• [WHAT THE TASK ASKS]
Only one span of the material below is wanted. Output it exactly, from the line with "活动中,同志们到经世楼南侧道" through the line with "Dotarliśmy na miejsce", without any pictures.

• [EXCERPTED DATA]
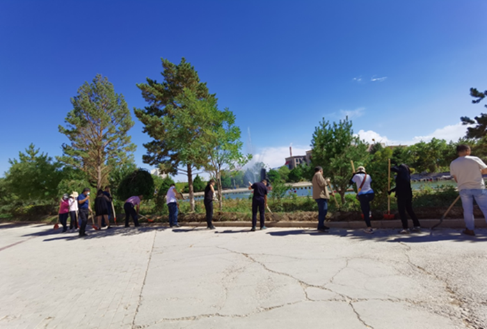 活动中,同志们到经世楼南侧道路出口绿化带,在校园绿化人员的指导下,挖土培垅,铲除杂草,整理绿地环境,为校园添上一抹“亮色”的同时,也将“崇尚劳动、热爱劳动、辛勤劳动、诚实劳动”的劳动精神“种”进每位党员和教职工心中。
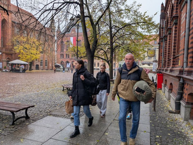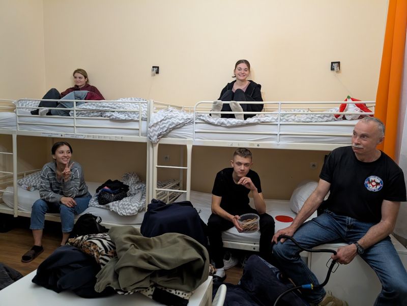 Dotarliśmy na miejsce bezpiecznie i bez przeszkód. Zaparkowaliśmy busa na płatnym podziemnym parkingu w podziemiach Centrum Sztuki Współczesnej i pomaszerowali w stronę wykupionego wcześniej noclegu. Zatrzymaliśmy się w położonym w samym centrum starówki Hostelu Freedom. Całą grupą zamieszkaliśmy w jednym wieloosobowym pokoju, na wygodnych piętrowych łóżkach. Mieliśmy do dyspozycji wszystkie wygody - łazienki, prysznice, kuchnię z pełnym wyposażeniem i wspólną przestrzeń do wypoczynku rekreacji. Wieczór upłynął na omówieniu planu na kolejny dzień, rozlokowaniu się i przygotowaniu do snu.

---

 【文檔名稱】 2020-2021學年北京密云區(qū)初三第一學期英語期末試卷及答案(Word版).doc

• [WORKED SOLUTION]
 活动中,同志们到经世楼南侧道路出口绿化带,在校园绿化人员的指导下,挖土培垅,铲除杂草,整理绿地环境,为校园添上一抹“亮色”的同时,也将“崇尚劳动、热爱劳动、辛勤劳动、诚实劳动”的劳动精神“种”进每位党员和教职工心中。
 Dotarliśmy na miejsce bezpiecznie i bez przeszkód. Zaparkowaliśmy busa na płatnym podziemnym parkingu w podziemiach Centrum Sztuki Współczesnej i pomaszerowali w stronę wykupionego wcześniej noclegu. Zatrzymaliśmy się w położonym w samym centrum starówki Hostelu Freedom. Całą grupą zamieszkaliśmy w jednym wieloosobowym pokoju, na wygodnych piętrowych łóżkach. Mieliśmy do dyspozycji wszystkie wygody - łazienki, prysznice, kuchnię z pełnym wyposażeniem i wspólną przestrzeń do wypoczynku rekreacji. Wieczór upłynął na omówieniu planu na kolejny dzień, rozlokowaniu się i przygotowaniu do snu.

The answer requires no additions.